> Exercise requirements:
Restate the data below word for word. Leave the images out.

◆ ◆ ◆ ◆ ◆

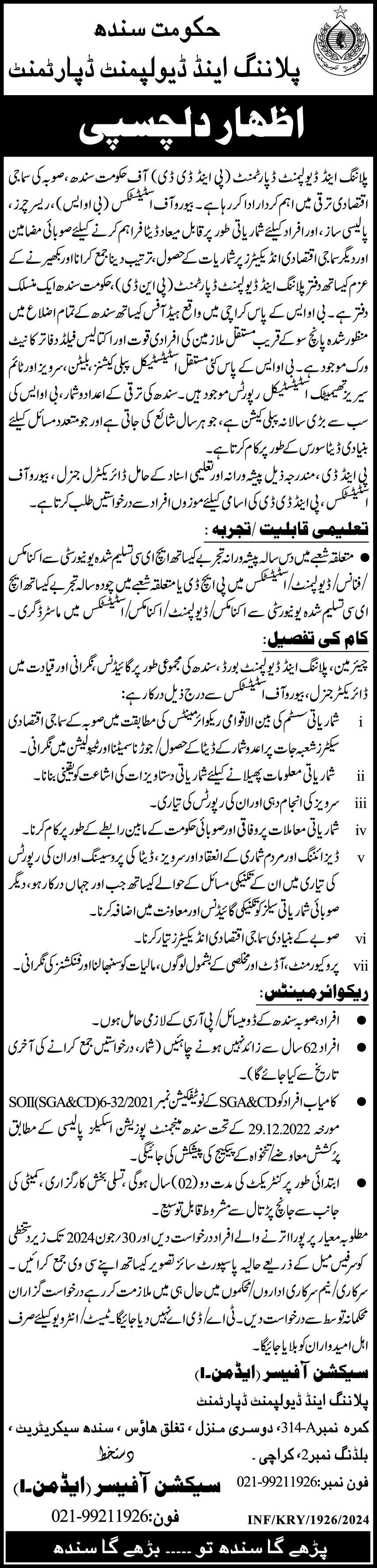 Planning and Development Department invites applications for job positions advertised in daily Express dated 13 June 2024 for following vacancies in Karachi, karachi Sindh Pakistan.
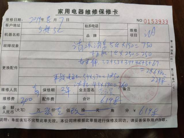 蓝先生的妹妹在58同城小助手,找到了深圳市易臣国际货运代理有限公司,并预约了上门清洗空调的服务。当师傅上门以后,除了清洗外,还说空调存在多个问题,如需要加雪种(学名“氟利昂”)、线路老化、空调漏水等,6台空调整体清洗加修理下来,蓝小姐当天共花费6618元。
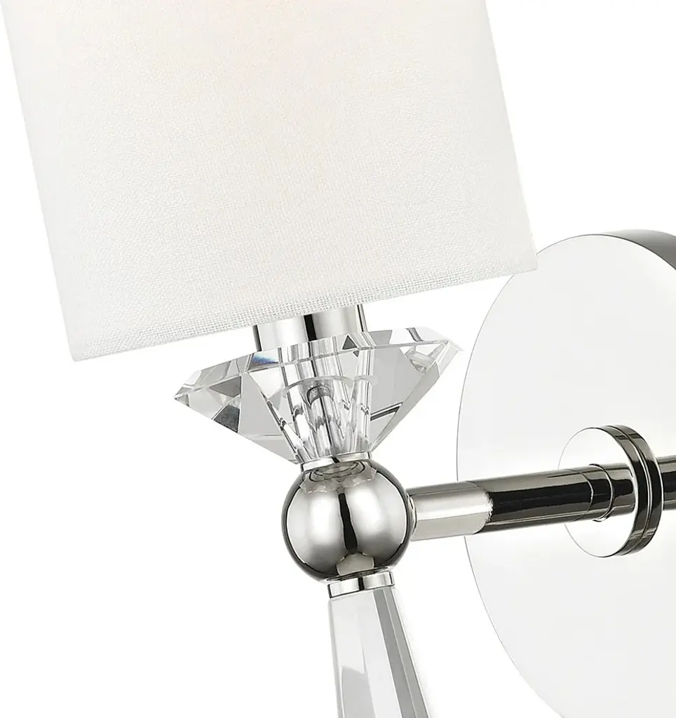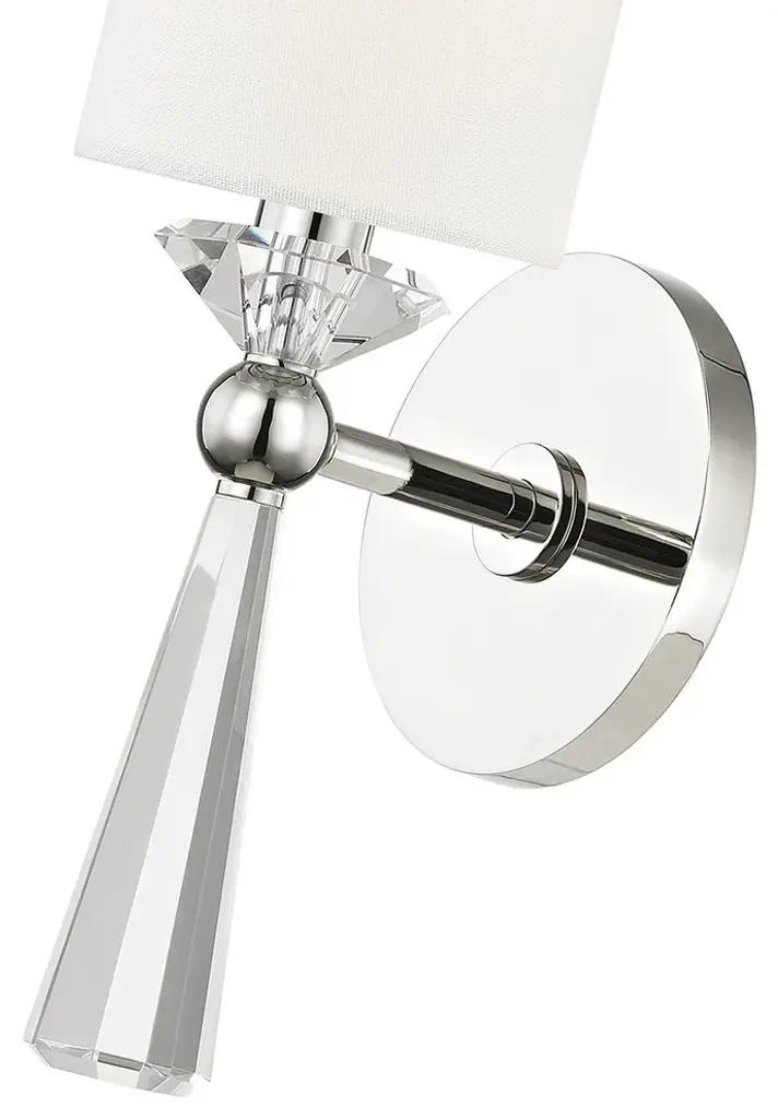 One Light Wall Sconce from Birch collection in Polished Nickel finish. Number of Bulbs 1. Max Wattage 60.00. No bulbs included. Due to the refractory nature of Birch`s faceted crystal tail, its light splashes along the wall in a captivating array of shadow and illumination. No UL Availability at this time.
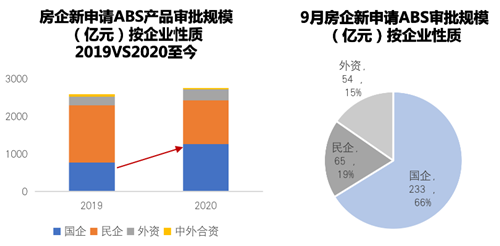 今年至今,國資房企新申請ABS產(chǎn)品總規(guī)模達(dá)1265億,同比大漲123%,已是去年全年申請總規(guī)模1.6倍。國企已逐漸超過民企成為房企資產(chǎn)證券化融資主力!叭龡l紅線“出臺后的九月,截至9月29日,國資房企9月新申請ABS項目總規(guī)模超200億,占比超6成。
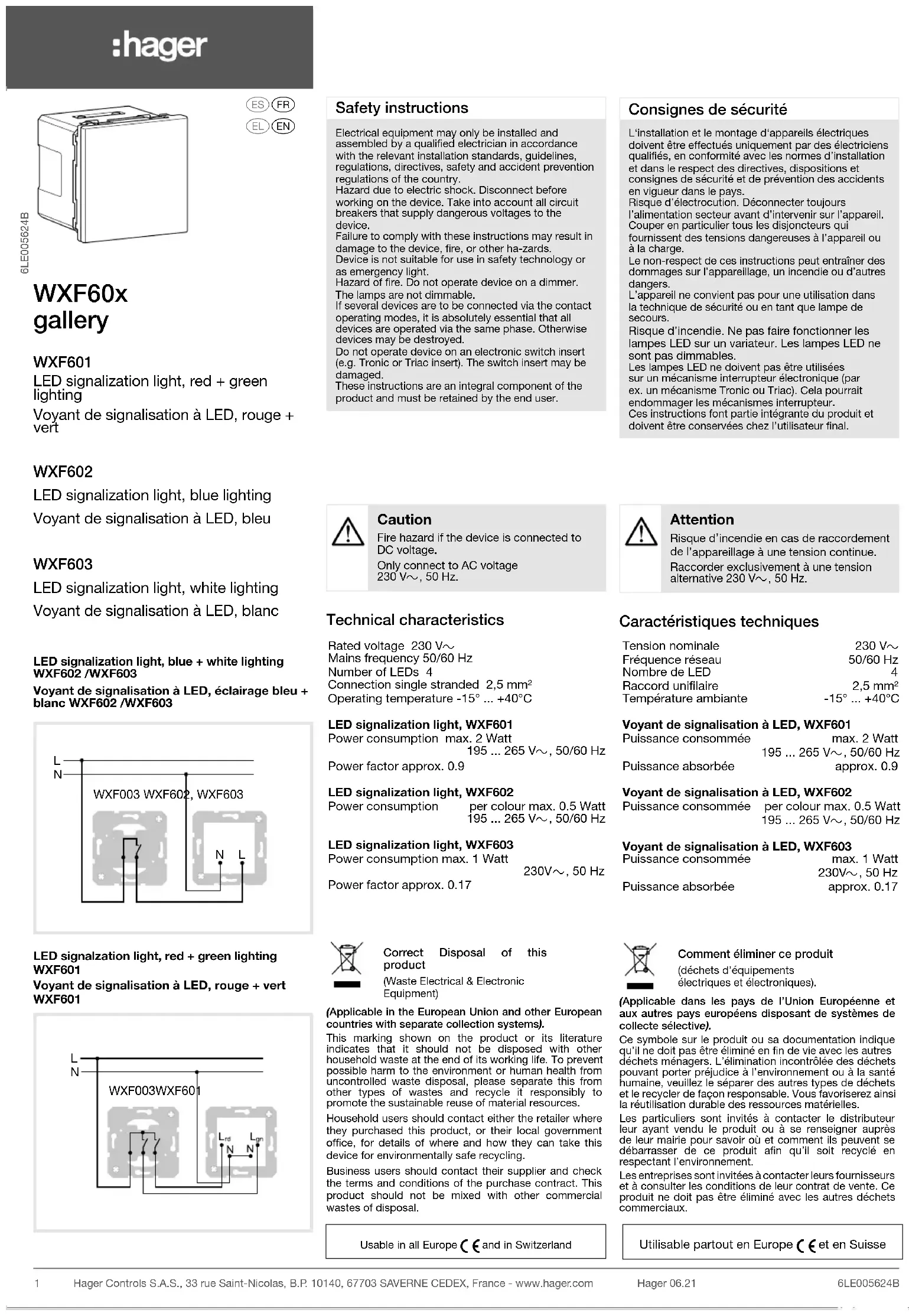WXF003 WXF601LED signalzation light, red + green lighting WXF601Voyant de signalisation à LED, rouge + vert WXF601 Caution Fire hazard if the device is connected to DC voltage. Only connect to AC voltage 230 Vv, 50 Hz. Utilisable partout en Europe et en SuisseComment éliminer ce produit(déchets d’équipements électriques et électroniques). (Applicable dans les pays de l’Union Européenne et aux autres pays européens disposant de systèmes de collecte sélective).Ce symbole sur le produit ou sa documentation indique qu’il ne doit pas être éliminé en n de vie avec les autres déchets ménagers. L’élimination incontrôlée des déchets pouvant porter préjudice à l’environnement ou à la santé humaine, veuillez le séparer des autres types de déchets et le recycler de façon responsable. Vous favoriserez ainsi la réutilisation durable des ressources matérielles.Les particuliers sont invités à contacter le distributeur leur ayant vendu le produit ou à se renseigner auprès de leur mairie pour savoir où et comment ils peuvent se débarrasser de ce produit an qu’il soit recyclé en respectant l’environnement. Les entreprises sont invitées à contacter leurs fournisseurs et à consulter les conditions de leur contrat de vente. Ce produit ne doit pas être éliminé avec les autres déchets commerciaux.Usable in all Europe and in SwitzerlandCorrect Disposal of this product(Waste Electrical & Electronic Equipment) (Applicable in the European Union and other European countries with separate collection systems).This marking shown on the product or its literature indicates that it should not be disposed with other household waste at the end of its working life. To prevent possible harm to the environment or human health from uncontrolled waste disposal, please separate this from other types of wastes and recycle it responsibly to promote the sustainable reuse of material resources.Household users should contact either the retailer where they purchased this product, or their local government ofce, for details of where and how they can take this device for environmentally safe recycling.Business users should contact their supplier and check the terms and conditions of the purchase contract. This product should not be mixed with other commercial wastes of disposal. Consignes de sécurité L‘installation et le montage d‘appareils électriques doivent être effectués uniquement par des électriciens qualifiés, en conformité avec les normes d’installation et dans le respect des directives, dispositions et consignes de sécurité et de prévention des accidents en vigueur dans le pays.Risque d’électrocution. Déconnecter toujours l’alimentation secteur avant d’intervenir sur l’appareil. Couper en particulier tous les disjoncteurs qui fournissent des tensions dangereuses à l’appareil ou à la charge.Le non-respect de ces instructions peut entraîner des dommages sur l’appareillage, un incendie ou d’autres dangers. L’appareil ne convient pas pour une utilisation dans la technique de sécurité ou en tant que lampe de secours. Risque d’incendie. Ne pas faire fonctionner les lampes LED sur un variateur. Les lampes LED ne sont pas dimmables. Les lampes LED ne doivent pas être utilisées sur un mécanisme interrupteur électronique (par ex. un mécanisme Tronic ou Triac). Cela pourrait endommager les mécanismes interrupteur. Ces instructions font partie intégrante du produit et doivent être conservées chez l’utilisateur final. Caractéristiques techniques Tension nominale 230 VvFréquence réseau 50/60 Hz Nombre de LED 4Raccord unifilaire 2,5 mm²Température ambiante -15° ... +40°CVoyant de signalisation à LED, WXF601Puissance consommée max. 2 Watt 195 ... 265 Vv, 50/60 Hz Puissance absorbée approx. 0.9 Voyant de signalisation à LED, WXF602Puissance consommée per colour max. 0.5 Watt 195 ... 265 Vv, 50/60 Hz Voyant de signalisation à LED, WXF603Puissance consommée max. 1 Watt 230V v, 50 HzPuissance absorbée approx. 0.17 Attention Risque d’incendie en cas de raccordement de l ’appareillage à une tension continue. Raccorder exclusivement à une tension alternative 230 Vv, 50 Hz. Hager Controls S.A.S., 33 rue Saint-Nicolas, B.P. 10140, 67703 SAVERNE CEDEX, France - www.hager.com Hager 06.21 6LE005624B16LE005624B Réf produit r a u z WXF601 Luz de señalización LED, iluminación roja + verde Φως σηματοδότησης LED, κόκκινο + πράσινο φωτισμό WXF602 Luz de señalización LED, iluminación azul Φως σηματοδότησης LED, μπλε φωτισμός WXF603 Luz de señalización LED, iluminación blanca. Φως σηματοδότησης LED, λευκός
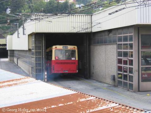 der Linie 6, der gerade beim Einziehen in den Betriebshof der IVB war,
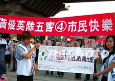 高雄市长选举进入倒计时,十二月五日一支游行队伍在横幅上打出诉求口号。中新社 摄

◆ ◆ ◆ ◆ ◆

> Written answer:
 Planning and Development Department invites applications for job positions advertised in daily Express dated 13 June 2024 for following vacancies in Karachi, karachi Sindh Pakistan.
 蓝先生的妹妹在58同城小助手,找到了深圳市易臣国际货运代理有限公司,并预约了上门清洗空调的服务。当师傅上门以后,除了清洗外,还说空调存在多个问题,如需要加雪种(学名“氟利昂”)、线路老化、空调漏水等,6台空调整体清洗加修理下来,蓝小姐当天共花费6618元。
 One Light Wall Sconce from Birch collection in Polished Nickel finish. Number of Bulbs 1. Max Wattage 60.00. No bulbs included. Due to the refractory nature of Birch`s faceted crystal tail, its light splashes along the wall in a captivating array of shadow and illumination. No UL Availability at this time.
 今年至今,國資房企新申請ABS產(chǎn)品總規(guī)模達(dá)1265億,同比大漲123%,已是去年全年申請總規(guī)模1.6倍。國企已逐漸超過民企成為房企資產(chǎn)證券化融資主力!叭龡l紅線“出臺后的九月,截至9月29日,國資房企9月新申請ABS項目總規(guī)模超200億,占比超6成。
WXF003 WXF601LED signalzation light, red + green lighting WXF601Voyant de signalisation à LED, rouge + vert WXF601 Caution Fire hazard if the device is connected to DC voltage. Only connect to AC voltage 230 Vv, 50 Hz. Utilisable partout en Europe et en SuisseComment éliminer ce produit(déchets d’équipements électriques et électroniques). (Applicable dans les pays de l’Union Européenne et aux autres pays européens disposant de systèmes de collecte sélective).Ce symbole sur le produit ou sa documentation indique qu’il ne doit pas être éliminé en n de vie avec les autres déchets ménagers. L’élimination incontrôlée des déchets pouvant porter préjudice à l’environnement ou à la santé humaine, veuillez le séparer des autres types de déchets et le recycler de façon responsable. Vous favoriserez ainsi la réutilisation durable des ressources matérielles.Les particuliers sont invités à contacter le distributeur leur ayant vendu le produit ou à se renseigner auprès de leur mairie pour savoir où et comment ils peuvent se débarrasser de ce produit an qu’il soit recyclé en respectant l’environnement. Les entreprises sont invitées à contacter leurs fournisseurs et à consulter les conditions de leur contrat de vente. Ce produit ne doit pas être éliminé avec les autres déchets commerciaux.Usable in all Europe and in SwitzerlandCorrect Disposal of this product(Waste Electrical & Electronic Equipment) (Applicable in the European Union and other European countries with separate collection systems).This marking shown on the product or its literature indicates that it should not be disposed with other household waste at the end of its working life. To prevent possible harm to the environment or human health from uncontrolled waste disposal, please separate this from other types of wastes and recycle it responsibly to promote the sustainable reuse of material resources.Household users should contact either the retailer where they purchased this product, or their local government ofce, for details of where and how they can take this device for environmentally safe recycling.Business users should contact their supplier and check the terms and conditions of the purchase contract. This product should not be mixed with other commercial wastes of disposal. Consignes de sécurité L‘installation et le montage d‘appareils électriques doivent être effectués uniquement par des électriciens qualifiés, en conformité avec les normes d’installation et dans le respect des directives, dispositions et consignes de sécurité et de prévention des accidents en vigueur dans le pays.Risque d’électrocution. Déconnecter toujours l’alimentation secteur avant d’intervenir sur l’appareil. Couper en particulier tous les disjoncteurs qui fournissent des tensions dangereuses à l’appareil ou à la charge.Le non-respect de ces instructions peut entraîner des dommages sur l’appareillage, un incendie ou d’autres dangers. L’appareil ne convient pas pour une utilisation dans la technique de sécurité ou en tant que lampe de secours. Risque d’incendie. Ne pas faire fonctionner les lampes LED sur un variateur. Les lampes LED ne sont pas dimmables. Les lampes LED ne doivent pas être utilisées sur un mécanisme interrupteur électronique (par ex. un mécanisme Tronic ou Triac). Cela pourrait endommager les mécanismes interrupteur. Ces instructions font partie intégrante du produit et doivent être conservées chez l’utilisateur final. Caractéristiques techniques Tension nominale 230 VvFréquence réseau 50/60 Hz Nombre de LED 4Raccord unifilaire 2,5 mm²Température ambiante -15° ... +40°CVoyant de signalisation à LED, WXF601Puissance consommée max. 2 Watt 195 ... 265 Vv, 50/60 Hz Puissance absorbée approx. 0.9 Voyant de signalisation à LED, WXF602Puissance consommée per colour max. 0.5 Watt 195 ... 265 Vv, 50/60 Hz Voyant de signalisation à LED, WXF603Puissance consommée max. 1 Watt 230V v, 50 HzPuissance absorbée approx. 0.17 Attention Risque d’incendie en cas de raccordement de l ’appareillage à une tension continue. Raccorder exclusivement à une tension alternative 230 Vv, 50 Hz. Hager Controls S.A.S., 33 rue Saint-Nicolas, B.P. 10140, 67703 SAVERNE CEDEX, France - www.hager.com Hager 06.21 6LE005624B16LE005624B Réf produit r a u z WXF601 Luz de señalización LED, iluminación roja + verde Φως σηματοδότησης LED, κόκκινο + πράσινο φωτισμό WXF602 Luz de señalización LED, iluminación azul Φως σηματοδότησης LED, μπλε φωτισμός WXF603 Luz de señalización LED, iluminación blanca. Φως σηματοδότησης LED, λευκός
 der Linie 6, der gerade beim Einziehen in den Betriebshof der IVB war,
 高雄市长选举进入倒计时,十二月五日一支游行队伍在横幅上打出诉求口号。中新社 摄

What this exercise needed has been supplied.